"""
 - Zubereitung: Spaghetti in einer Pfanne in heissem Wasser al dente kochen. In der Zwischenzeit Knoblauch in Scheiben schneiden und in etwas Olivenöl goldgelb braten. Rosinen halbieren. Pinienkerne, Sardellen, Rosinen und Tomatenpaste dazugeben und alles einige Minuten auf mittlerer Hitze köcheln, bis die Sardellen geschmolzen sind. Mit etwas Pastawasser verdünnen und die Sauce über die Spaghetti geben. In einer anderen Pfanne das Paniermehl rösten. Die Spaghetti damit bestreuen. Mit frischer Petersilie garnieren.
"""
"""
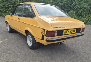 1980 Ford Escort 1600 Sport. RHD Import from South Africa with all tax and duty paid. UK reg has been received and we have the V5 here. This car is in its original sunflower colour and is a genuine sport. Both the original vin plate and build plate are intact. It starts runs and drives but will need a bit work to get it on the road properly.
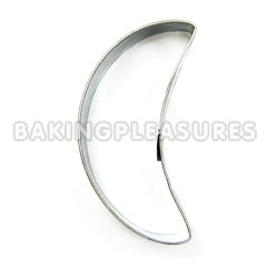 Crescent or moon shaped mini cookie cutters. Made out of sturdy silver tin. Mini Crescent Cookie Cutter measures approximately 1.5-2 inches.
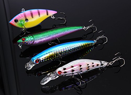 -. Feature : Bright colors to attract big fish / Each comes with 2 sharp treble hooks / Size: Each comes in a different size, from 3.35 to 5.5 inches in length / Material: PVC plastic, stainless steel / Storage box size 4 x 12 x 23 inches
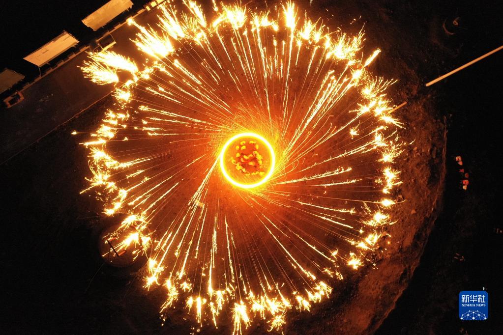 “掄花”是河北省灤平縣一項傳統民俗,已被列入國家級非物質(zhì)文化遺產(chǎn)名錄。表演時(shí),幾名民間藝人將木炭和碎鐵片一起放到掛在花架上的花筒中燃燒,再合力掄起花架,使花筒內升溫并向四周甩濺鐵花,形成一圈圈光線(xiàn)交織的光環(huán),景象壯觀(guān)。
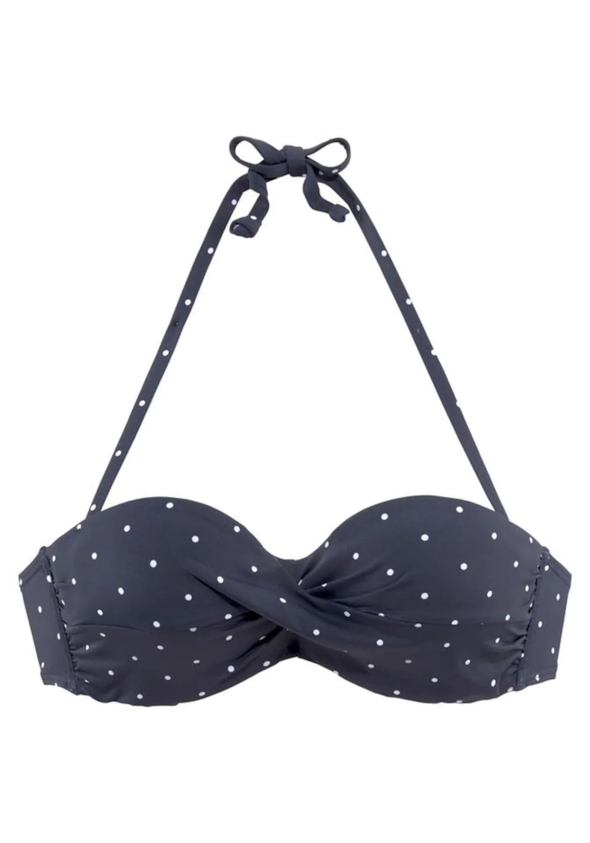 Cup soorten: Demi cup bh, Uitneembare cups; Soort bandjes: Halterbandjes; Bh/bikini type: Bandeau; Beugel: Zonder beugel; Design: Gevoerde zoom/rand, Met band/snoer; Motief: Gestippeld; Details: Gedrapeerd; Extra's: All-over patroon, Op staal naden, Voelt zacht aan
"""
"""
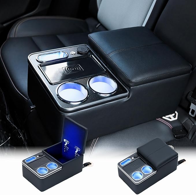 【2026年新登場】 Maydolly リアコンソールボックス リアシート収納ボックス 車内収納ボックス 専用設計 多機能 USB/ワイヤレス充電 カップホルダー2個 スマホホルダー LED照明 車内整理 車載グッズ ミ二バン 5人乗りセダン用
"""
### Goal of the exercise
What are the lines above from the one with "-. Feature : Bright" to the one with "Cup soorten: Demi", both included? Reproduce them exactly, without pictures.

### Answer to this exercise
 -. Feature : Bright colors to attract big fish / Each comes with 2 sharp treble hooks / Size: Each comes in a different size, from 3.35 to 5.5 inches in length / Material: PVC plastic, stainless steel / Storage box size 4 x 12 x 23 inches
 “掄花”是河北省灤平縣一項傳統民俗,已被列入國家級非物質(zhì)文化遺產(chǎn)名錄。表演時(shí),幾名民間藝人將木炭和碎鐵片一起放到掛在花架上的花筒中燃燒,再合力掄起花架,使花筒內升溫并向四周甩濺鐵花,形成一圈圈光線(xiàn)交織的光環(huán),景象壯觀(guān)。
 Cup soorten: Demi cup bh, Uitneembare cups; Soort bandjes: Halterbandjes; Bh/bikini type: Bandeau; Beugel: Zonder beugel; Design: Gevoerde zoom/rand, Met band/snoer; Motief: Gestippeld; Details: Gedrapeerd; Extra's: All-over patroon, Op staal naden, Voelt zacht aan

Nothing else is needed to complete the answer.